Metamaterial Separation Proposed for Chemical, Biomolecular Uses

<p>Concentration profiles for cloaked compound A at different times and steady-state. (a–e) background, (f–j) anisotropic homogeneous cloak, (k–o) multilayer cloak. (Credit: Martin Maldovan and Juan Manuel Restrepo-Flórez, Georgia Tech)</p>

Concentration profiles for cloaked compound A at different times and steady-state. (a–e) background, (f–j) anisotropic homogeneous cloak, (k–o) multilayer cloak. (Credit: Martin Maldovan and Juan Manuel Restrepo-Flórez, Georgia Tech)

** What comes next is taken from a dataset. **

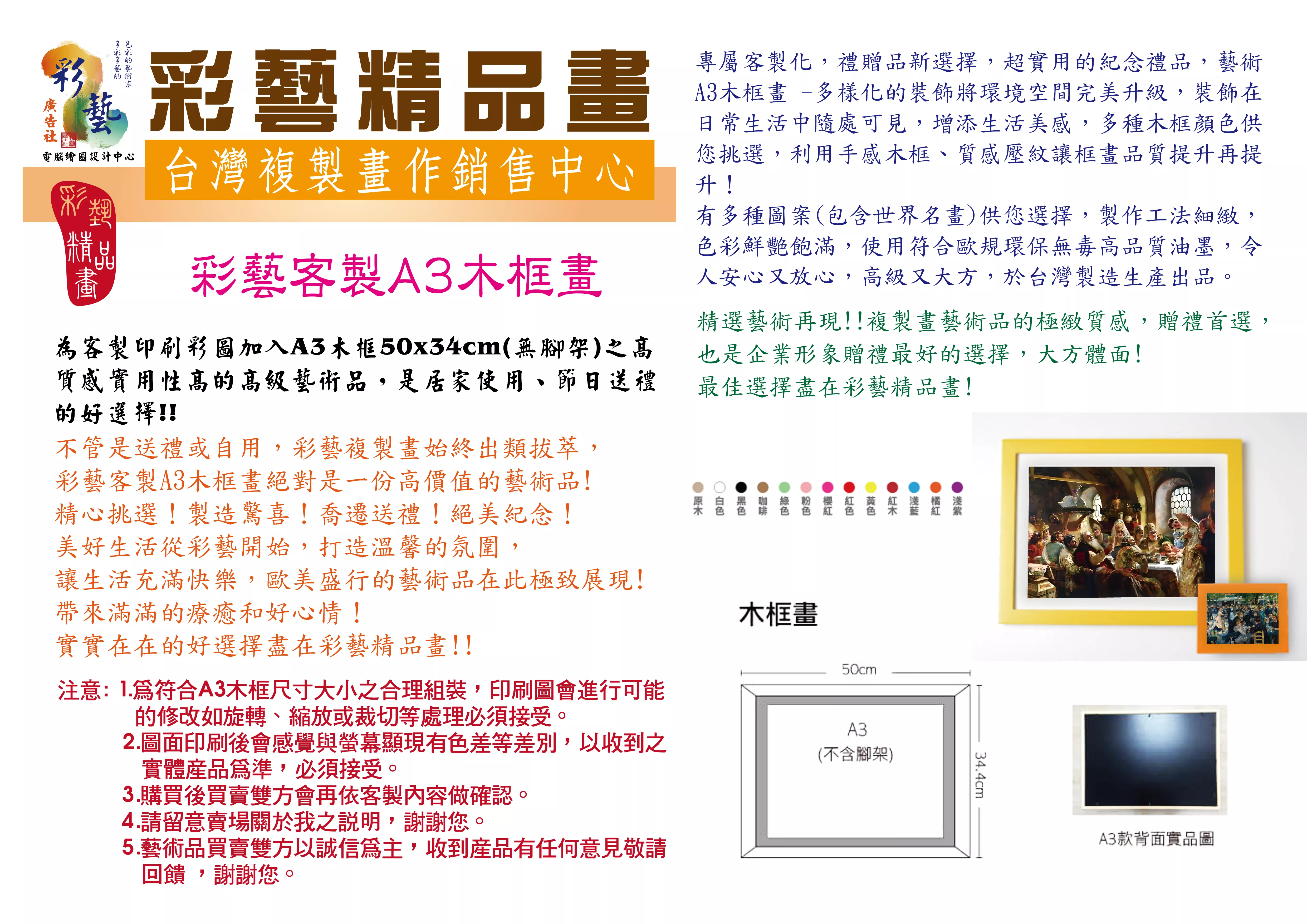 ●所在地區: 台灣彰化 (彩藝精品畫均由台灣彰化彩藝廣告社提供)

The unique properties of metamaterials have been used to cloak objects from light, and to hide them from vibration, pressure waves and heat. Now, a Georgia Institute of Technology researcher wants to add another use for metamaterials: creating a new directional separation technique that cloaks one compound while concentrating the other.

Though the idea must still be proven experimentally, the researchers believe that manipulating mass transfer using metamaterials could help reduce the energy required for certain chemical and biomolecular processes. The proposed technique would use specially-patterned polymeric materials to direct the flow of atoms by taking advantage of their specific physical properties.

A detailed explanation for how the technique could be used to separate a mixture of nitrogen and oxygen – by cloaking the nitrogen and concentrating the oxygen – was reported February 25 in the journal Scientific Reports. The research was supported by a seed grant from the American Chemical Society.

“We will control how the atoms cross the metamaterial, in which direction they will go,” said Martin Maldovan, an assistant professor in Georgia Tech’s School of Chemical & Biomolecular Engineering and School of Physics. “By designing the diffusivity of the metamaterials, we can make the atoms of one compound go one way, and the atoms of another compound go a different way. We are manipulating the physical properties to control the direction the atoms take through the metamaterial shell.”

Maldovan and Graduate Research Assistant Juan Manuel Restrepo-Flórez have evaluated their metamaterial using computational techniques, and plan to build a prototype separation device this summer. The work could have applications in such areas as chemical manufacturing, crystal growth of semiconductors, waste recovery of biological solutes or chemicals, and production of artificial kidneys.

The metamaterial technique could supplement traditional membranes, which control the passage of chemicals by varying solubility and diffusivity. Similar in principle to other metamaterials, the mass transfer technique can either direct chemicals around the shell, or concentrate them within the shell.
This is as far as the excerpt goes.